The nature and properties of metals make its extraction difficult by using single method.
Thus, it is important to know that no single process can be used for extraction of all the metals.
The process to be used may differ from metal to metal.
However, some steps are common that are involved in the extraction of metals.
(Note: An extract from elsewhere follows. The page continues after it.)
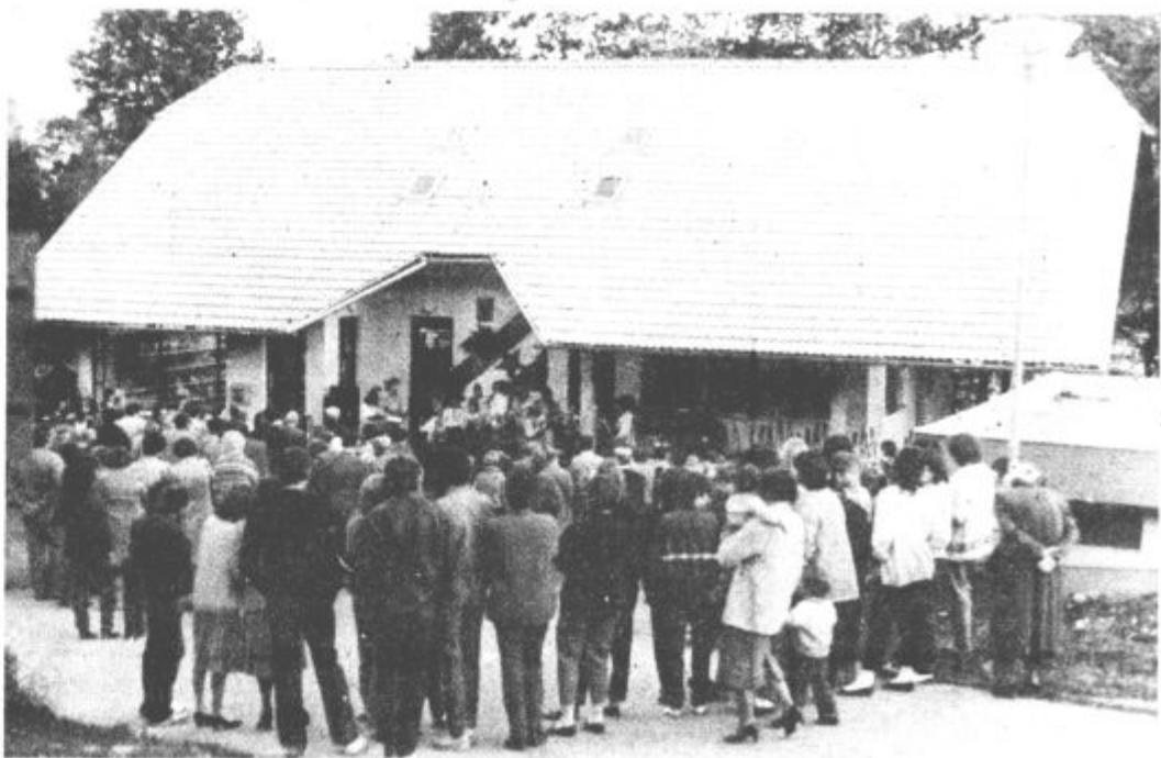
Dom je nov in lep. Od krajanov samih pa je odvisno kakšna bo njegova vsebina.

They are:
a) Crushing and Pulverization of the ore
b) Dressing or concentration of the ore
c) Extraction of the metal from concentrated ore
d) Purification or refining of the metal
A) Crushing and Pulverization
When the ore is taken out of earth’s crust, it is in the form of big lumps.
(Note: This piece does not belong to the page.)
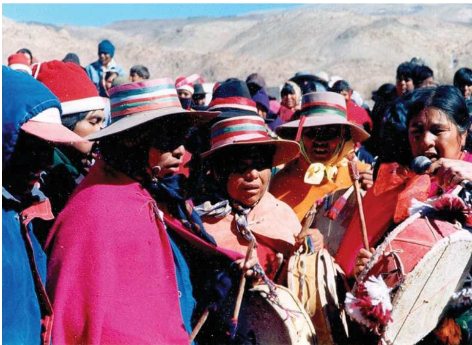
Celebración de la Fiesta de la Pachamama durante el 1º de agosto.

como también la cría de aves de corral o el cultivo en los patios de las casas. En cuanto al trabajo artesanal de la lana de oveja y de camélidos, es una ocupación generalizada que puede llegar a tener un lugar significativo en la economía doméstica, sobre todo en las familias algunos de cuyos miembros participan de la cooperativa que organiza la captura y esquila de la vicuña (Cooperativa Mesa Local de la Vicuña). En suma, lo que puede observarse en este proceso de concentración poblacional es un conjunto de tensiones entre las prácticas tradicionales campesinas y la vida más urbanizada en el pueblo, en el que si bien han tenido lugar rupturas, también tienen lugar plegamientos entre las prácticas (como la complementariedad del trabajo asalariado con el trabajo artesanal de la lana o la horticultura). En fin, este es el panorama social general en el que, en los últimos diez años, las familias campesinas de la región comenzaron a reconocerse y organizarse como comunidades indígenas.
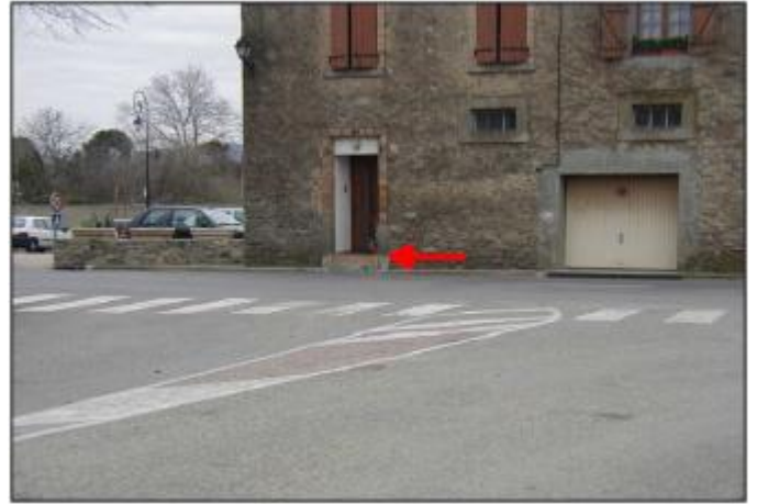
Haut de seuil de la marche

These are broken to smaller pieces with the help of hammers or mechanical crushers.
Most commonly used crushers are called stone breakers or jaw crushers.
In these crushers, there are two plates out of which one moves and the other is stationary.
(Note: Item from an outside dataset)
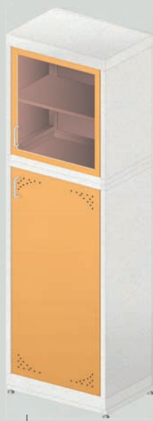
ЛАБ-600 ШД МЕТ

The lumps of ores are crushed between these two plates.
The small pieces of ore are then changed into a fine powder with the help of a stamp mill or ball mill.
The process is called pulverization of the ore.
B) Dressing or Concentration of the Ore
Ores extracted from the earth’s crust are not pure as it contains various unwanted impurities like sand, rocky material, earthy particles, etc.
The impurities associated with the ore are collectively called gangue or matrix.
Before extracting the metal from the ore, it is necessary to remove the gangue.
The process of removal of gangue from the ore is called dressing, concentration or benefaction of the ore.
Depending upon the nature of impurities in the ore, the powdered ore can be concentrated by any of the following methods:
i) Hand picking
If the impurities present are quite distinct from the ore, and are of large size, these may be removed by hand picking.
This method is slow and is generally adopted in the initial stages of concentration.
ii) Gravity separation
This method of concentrating an ore depends on the difference in specific gravities of the ore and gangue particles.
The powdered ore is washed with an upward stream of running water.
The lighter gangue particles are washed away while the heavier ore particles settle down and are removed from the base.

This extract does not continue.